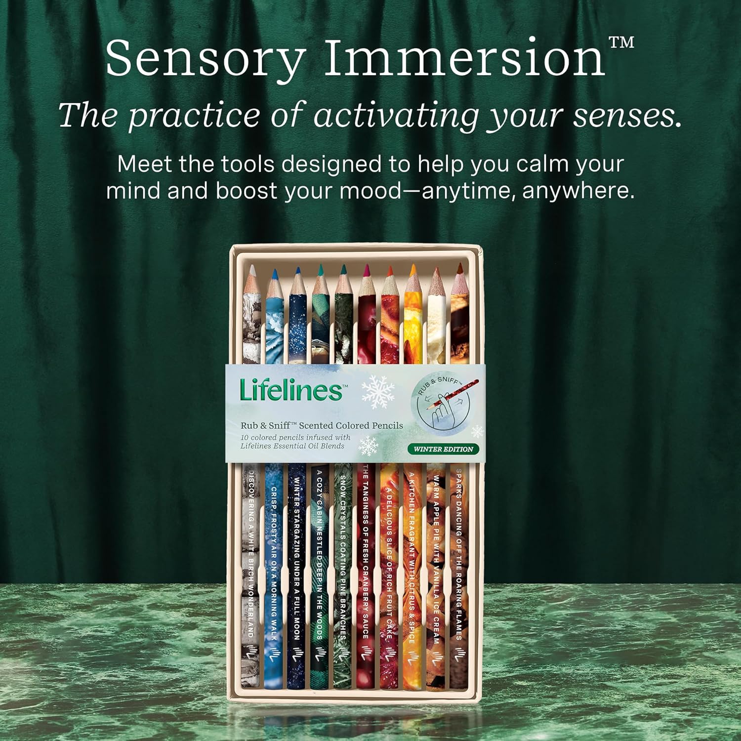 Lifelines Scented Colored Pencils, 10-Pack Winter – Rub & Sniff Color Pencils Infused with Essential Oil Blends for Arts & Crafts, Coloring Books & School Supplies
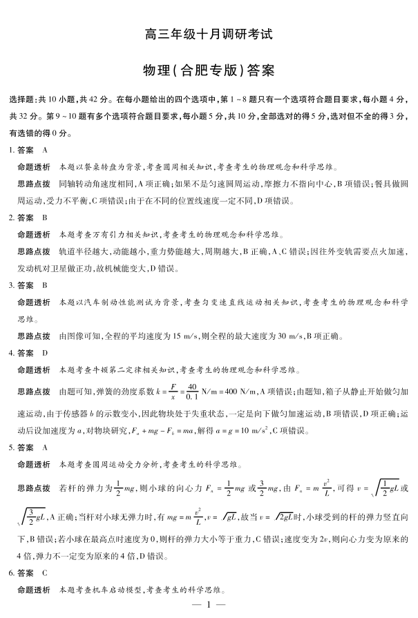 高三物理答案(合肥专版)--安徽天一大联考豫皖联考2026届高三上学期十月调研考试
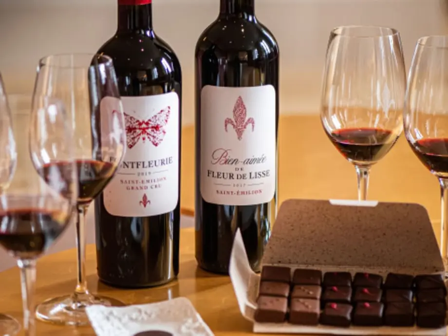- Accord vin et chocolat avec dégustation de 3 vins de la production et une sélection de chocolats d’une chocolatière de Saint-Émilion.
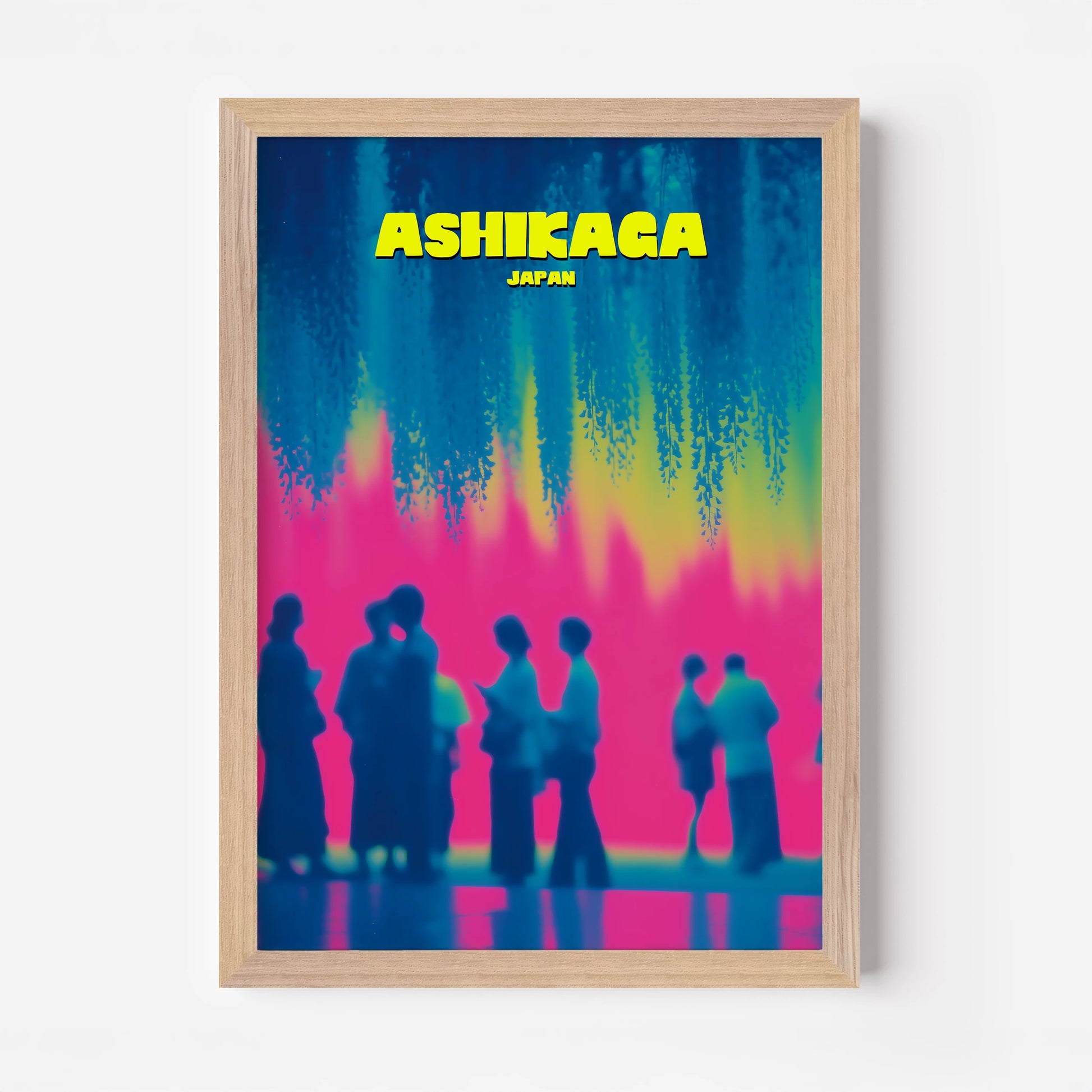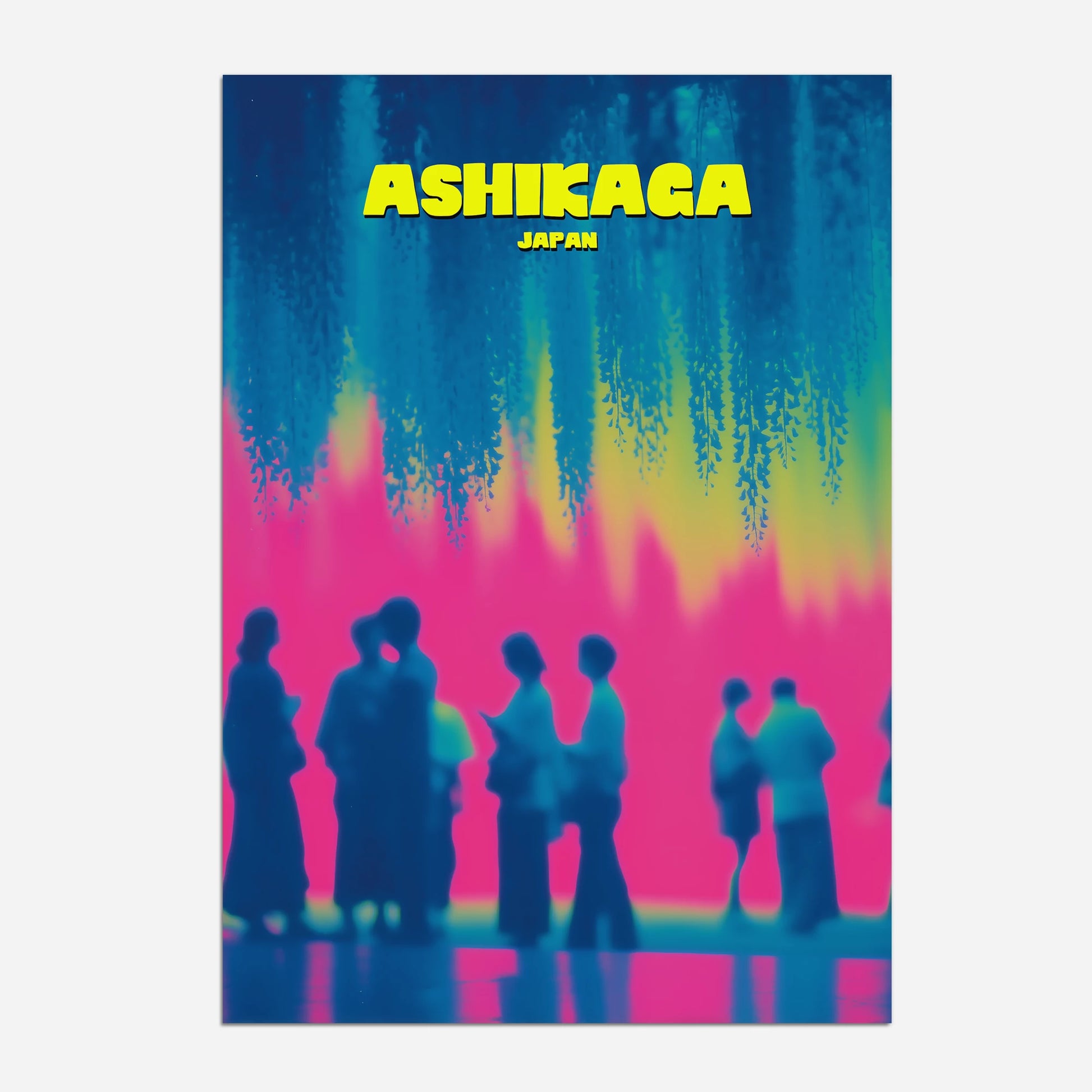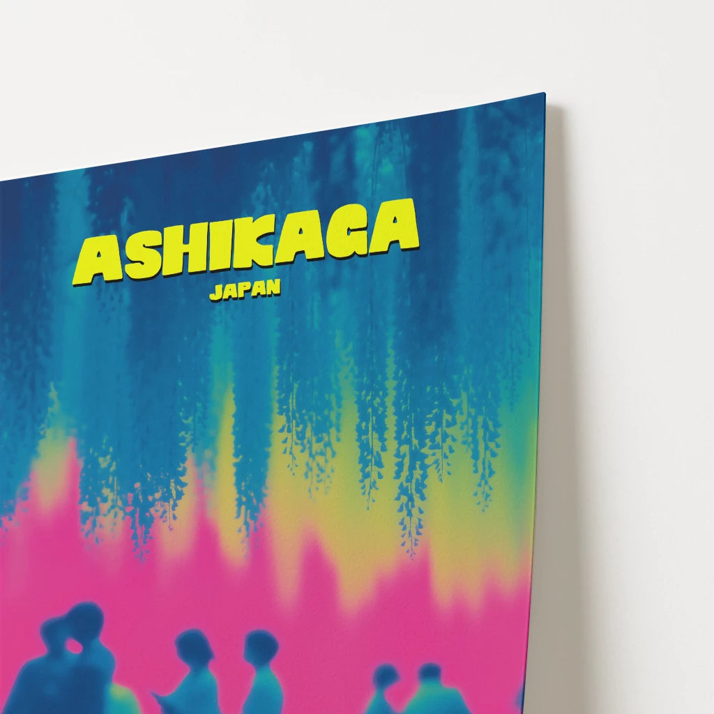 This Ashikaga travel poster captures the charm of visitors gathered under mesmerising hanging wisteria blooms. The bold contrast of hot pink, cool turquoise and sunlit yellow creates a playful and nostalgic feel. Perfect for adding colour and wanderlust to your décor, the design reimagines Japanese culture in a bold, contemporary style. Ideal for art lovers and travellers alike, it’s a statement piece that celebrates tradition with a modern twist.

-----

## PROBLEM REQUIREMENTS
Copy the material above exactly and drop the pictures.

## ANSWER TO THIS TASK
 Lifelines Scented Colored Pencils, 10-Pack Winter – Rub & Sniff Color Pencils Infused with Essential Oil Blends for Arts & Crafts, Coloring Books & School Supplies
 高三物理答案(合肥专版)--安徽天一大联考豫皖联考2026届高三上学期十月调研考试
- Accord vin et chocolat avec dégustation de 3 vins de la production et une sélection de chocolats d’une chocolatière de Saint-Émilion.
 This Ashikaga travel poster captures the charm of visitors gathered under mesmerising hanging wisteria blooms. The bold contrast of hot pink, cool turquoise and sunlit yellow creates a playful and nostalgic feel. Perfect for adding colour and wanderlust to your décor, the design reimagines Japanese culture in a bold, contemporary style. Ideal for art lovers and travellers alike, it’s a statement piece that celebrates tradition with a modern twist.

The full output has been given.